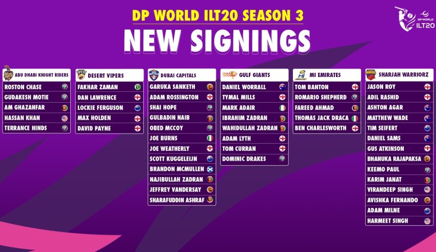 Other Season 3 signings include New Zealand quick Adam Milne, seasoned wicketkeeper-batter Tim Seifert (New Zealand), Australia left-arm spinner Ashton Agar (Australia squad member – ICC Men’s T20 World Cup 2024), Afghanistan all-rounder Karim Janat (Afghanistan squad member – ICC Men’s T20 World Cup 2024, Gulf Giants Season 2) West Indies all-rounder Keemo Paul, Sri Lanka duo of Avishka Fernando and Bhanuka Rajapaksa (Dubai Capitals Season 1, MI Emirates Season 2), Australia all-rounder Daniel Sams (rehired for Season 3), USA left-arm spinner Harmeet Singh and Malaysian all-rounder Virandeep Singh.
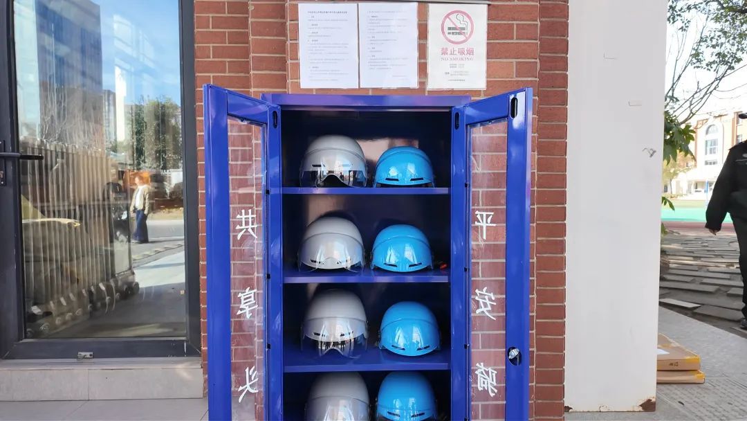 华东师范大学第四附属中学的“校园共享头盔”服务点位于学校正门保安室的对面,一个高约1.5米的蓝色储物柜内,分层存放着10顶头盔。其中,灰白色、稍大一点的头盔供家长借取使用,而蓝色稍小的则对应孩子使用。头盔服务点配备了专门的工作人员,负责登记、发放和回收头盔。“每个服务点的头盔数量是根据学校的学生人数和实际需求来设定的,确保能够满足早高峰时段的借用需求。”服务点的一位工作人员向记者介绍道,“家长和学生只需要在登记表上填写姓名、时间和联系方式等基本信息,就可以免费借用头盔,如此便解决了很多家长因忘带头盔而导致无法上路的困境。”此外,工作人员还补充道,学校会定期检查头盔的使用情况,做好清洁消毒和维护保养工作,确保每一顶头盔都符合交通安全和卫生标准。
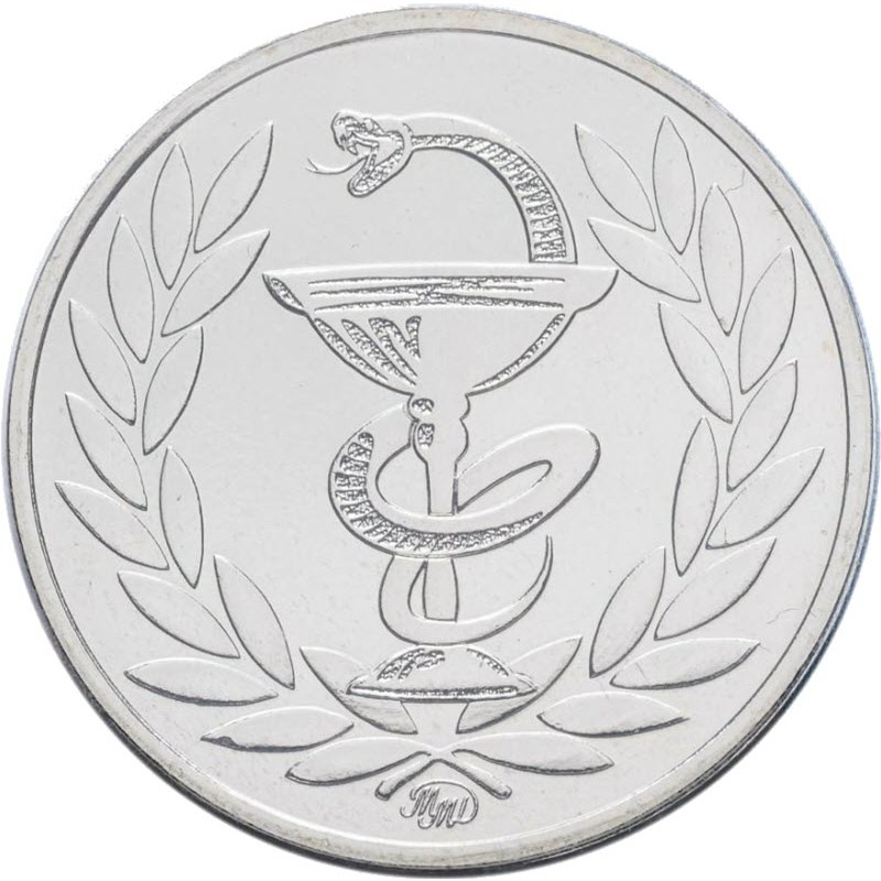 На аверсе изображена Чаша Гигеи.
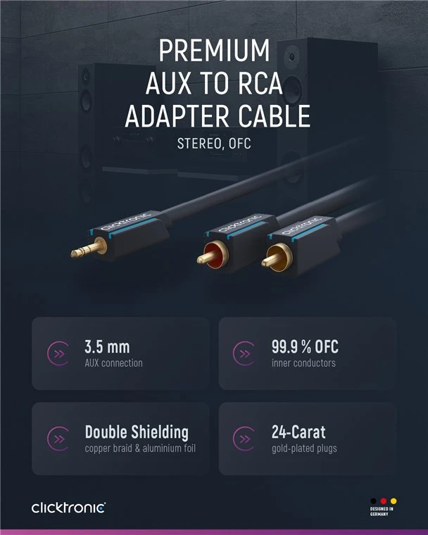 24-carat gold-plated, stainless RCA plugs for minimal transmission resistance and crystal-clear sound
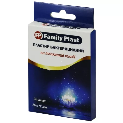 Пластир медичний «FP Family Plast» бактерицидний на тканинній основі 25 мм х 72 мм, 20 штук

----

EXERCISE BRIEF - Each word of the data should be repeated exactly, and the pictures left out.

YOUR RESPONSE -
 Other Season 3 signings include New Zealand quick Adam Milne, seasoned wicketkeeper-batter Tim Seifert (New Zealand), Australia left-arm spinner Ashton Agar (Australia squad member – ICC Men’s T20 World Cup 2024), Afghanistan all-rounder Karim Janat (Afghanistan squad member – ICC Men’s T20 World Cup 2024, Gulf Giants Season 2) West Indies all-rounder Keemo Paul, Sri Lanka duo of Avishka Fernando and Bhanuka Rajapaksa (Dubai Capitals Season 1, MI Emirates Season 2), Australia all-rounder Daniel Sams (rehired for Season 3), USA left-arm spinner Harmeet Singh and Malaysian all-rounder Virandeep Singh.
 华东师范大学第四附属中学的“校园共享头盔”服务点位于学校正门保安室的对面,一个高约1.5米的蓝色储物柜内,分层存放着10顶头盔。其中,灰白色、稍大一点的头盔供家长借取使用,而蓝色稍小的则对应孩子使用。头盔服务点配备了专门的工作人员,负责登记、发放和回收头盔。“每个服务点的头盔数量是根据学校的学生人数和实际需求来设定的,确保能够满足早高峰时段的借用需求。”服务点的一位工作人员向记者介绍道,“家长和学生只需要在登记表上填写姓名、时间和联系方式等基本信息,就可以免费借用头盔,如此便解决了很多家长因忘带头盔而导致无法上路的困境。”此外,工作人员还补充道,学校会定期检查头盔的使用情况,做好清洁消毒和维护保养工作,确保每一顶头盔都符合交通安全和卫生标准。
 На аверсе изображена Чаша Гигеи.
 24-carat gold-plated, stainless RCA plugs for minimal transmission resistance and crystal-clear sound
 Пластир медичний «FP Family Plast» бактерицидний на тканинній основі 25 мм х 72 мм, 20 штук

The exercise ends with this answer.